P: Your family seems central to your work. How do you balance the role of father, son, husband and poet?
JM: It wasn’t something that I expected. I didn’t expect to get married until I proposed. I didn’t expect to have children, but then a time came that we were ready. Once you have children you have to deal with it [laughs]. Jeff is a poet. Ben is a musician, so those are the values in our family. We are lucky to be able to do those things.
P: This brings up another question I have: throughout the collection you achieve a wonderful balance of lyric and narrative and are continually able, in Eliot’s terms, to turn some very particular experiences into general truths. Do you find yourself being cautious of that, in terms of becoming too personal?
JM: This comes back to an idea of who the reader of the poems might be. I have an internal dialogue based on my relationship with some friends who read my work. Their reactions become my internalized critic. I have a sense of how they might react, and that helps me draw lines. I certainly don’t begin that way, the poems start with my own impulse.
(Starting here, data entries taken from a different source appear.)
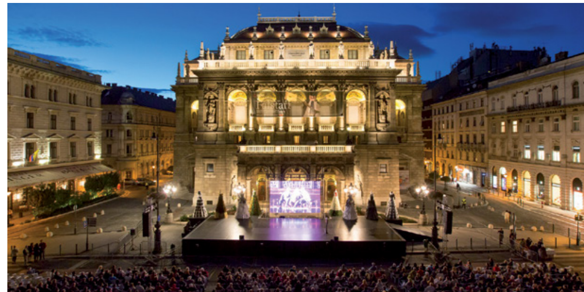
Budapest Opera House building

The association puts strong emphasis on representing both theory and practice, research and education, the public and the private sector, financial institutions and the media. The association has local organisations in every county across Hungary, and more than a dozen specialised divisions operating in Budapest with nationwide scope.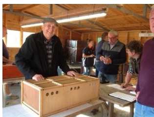
Marking facilities at Bamfords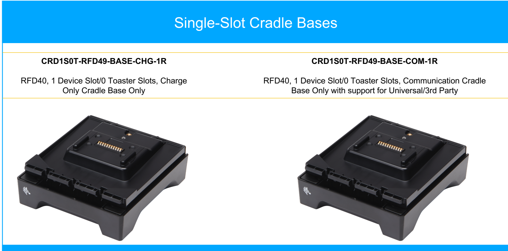
Requires Power Supply (PWR-BGA12V50W0WW), DC Line Cord (CBL-DC-388A1-01), and Country Specific Line Cord.

Requires RFD40 Replacement Cradle Cup(s)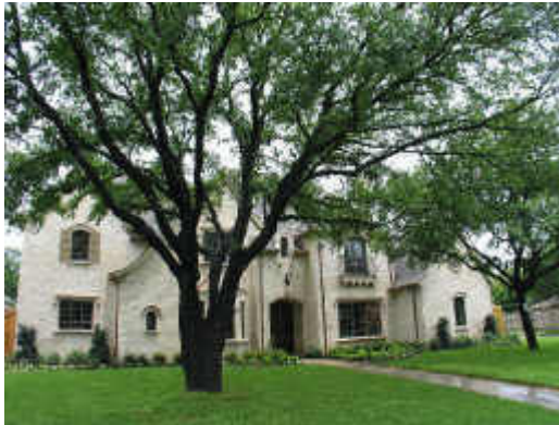
Click on Image for More Options

MLS# 10809444 Active 6423 STEFANI DR DALLAS* 75225-2328* LP: $1,850,000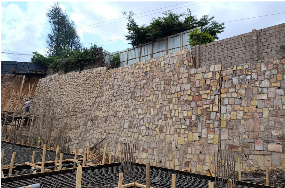
Phase 3 & 4 works showing: Stone masonry retaining wall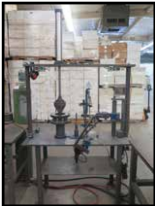
Wheel Run-Out Assemble and Inspection Station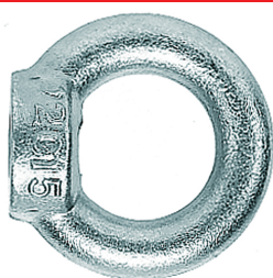
Ring nut RI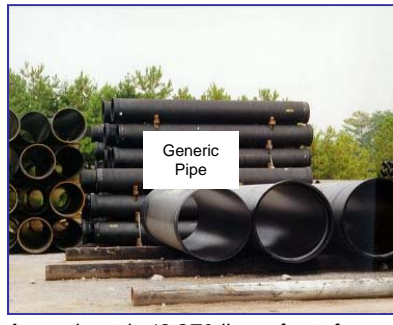
Approximately 12,270 linear feet of new 8 to 24-inch gravity main will be constructed in the project area.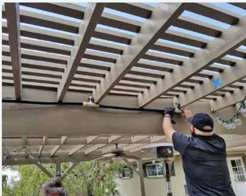
Corrugated Stainless Steel Tubing, or CSST, is an ideal match for outdoor rooms because its flexibility allows it to be installed in a variety of configurations to meet design needs.

"CSST allows you to create an infrastructure that is easy to install, is low maintenance and can give you flexibility," he said. "Depending on how big your outdoor use is going to be, you can set up as simple or as complex an arrangement as you need with relatively low cost and fast installation. I see CSST and outdoor lifestyles as a great partnership with consumer features, smart technologies and innovative, adaptable piping systems." ■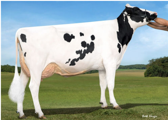
SANDY-VALLEY MOGUL AMBER THIRD DAM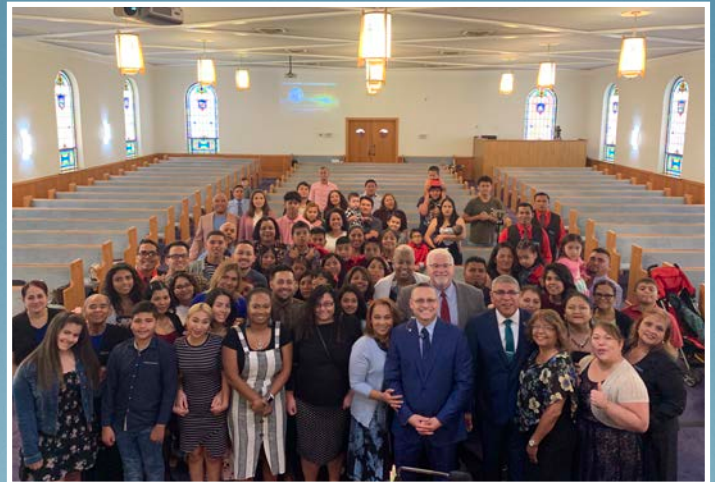
IMPACTO CELESTIAL CHURCH OF GOD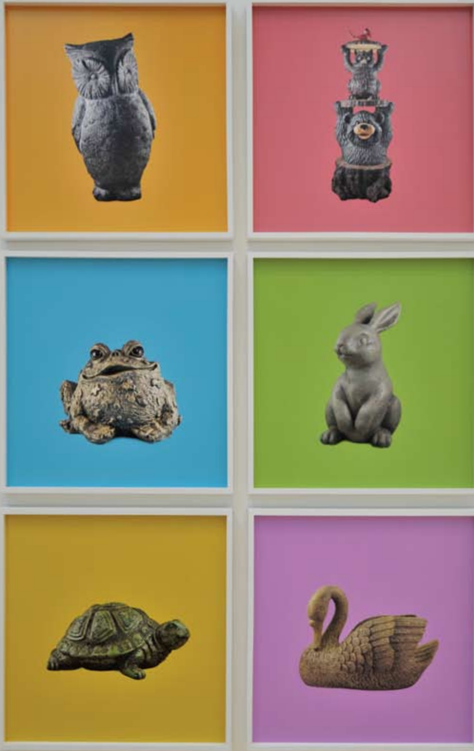
Andrea Degener Owl, Totem, Frog, Rabbit, Turtle, and Swan , from Object Series 1, 2011 Six digital C-prints, 30 x 31" each

Culture has its curiosities. We all interact with them in some shape or form, be it aware or unaware of their constant presence. To present one of culture's oddities is to challenge its form and function in a new way that cannot be found in normal contexts.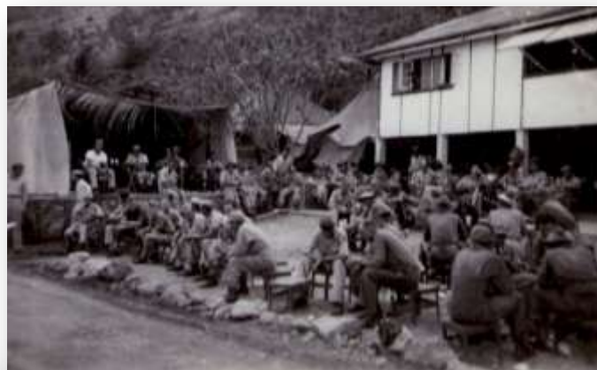
503 rd troopers mixing with the Aussies

Australia on 2 December 1942 after a voyage of 43 days and 42 nights. Later the Regiment was expanded into a Combat Team with the assignment of the 462d Parachute Artillery Battalion on 29 March 1944 and the 161st Parachute Engineer Company on 13 September 1944.

P: Was it a long process learning where to draw that line? Have you learned any hard lessons?
JM: We’ll see [laughs]. At the time I was starting to write these very personal poems it wasn’t unique because it was the period of confessional poetry in the 60s with Lowell as one of the major figures, Sylvia Plath, Ann Sexton writing about her daughter. What I was doing was not really on the edge compared to what some of what those poets wrote. I don’t consider my poems confessional. They are personal. They are things I might say to a member of the family. They are not generally things I would conceal within an intimate circle. I like that intimacy as a part of the voice.
P: It is definitely there, especially in a poem like “Sonnet of the Lost Labor.” It is quite stunning and powerful. There is a lot to balance in a poetic voice. What about the balance between music and story?
JM: The music of the language has to be there. I tend to like poems that have some narrative elements, not necessarily a full story but an element of tension that you get from dramatic situations. The emotional element is the other thing in the poem that has to be there. You need the sound and the feeling.
P: Something else we appreciated about your work was the humor that ran throughout, poems like “Moo” and “Time off From Bad Behavior.” Can you say something about the role humor plays in this collection?
JM: It’s just part of my personality that comes out. I’mglad that I can get it out into the poems. I know some very funny people that write only serious poems. It is partly a pacing device. As I put the book together I knew that after a few heavy blows I needed something a little lighter to give the reader a sense of stepping back and hopefully being amused.
P: It worked. With the completion of this collection you have the opportunity to look back on your journey as a poet. What are your landmark moments?
JM: The most important thing was getting to the first poems that I thought were good, as good as I could do at the time. Those were the poems for Nancy that I wrote in graduate school my first year. Everything else follows from that. Getting a first book published was important, but that was more of a professional accomplishment than a discovery of voice. This new book is important in a similar way and does have the quality of summarizing my entire career.
P: What advice do you have for new poets in terms of becoming the type of poet they want to be?
JM: Write on a regular basis. A lot of the poems I now value I dragged out of myself over a blank computer screen, just to get them started. Not that they were necessarily promising from the start but I stayed with it and found where the material could go. That is my process. It is an amazing life to produce over a long period of time and then see the result.The other thing is to read. Read widely.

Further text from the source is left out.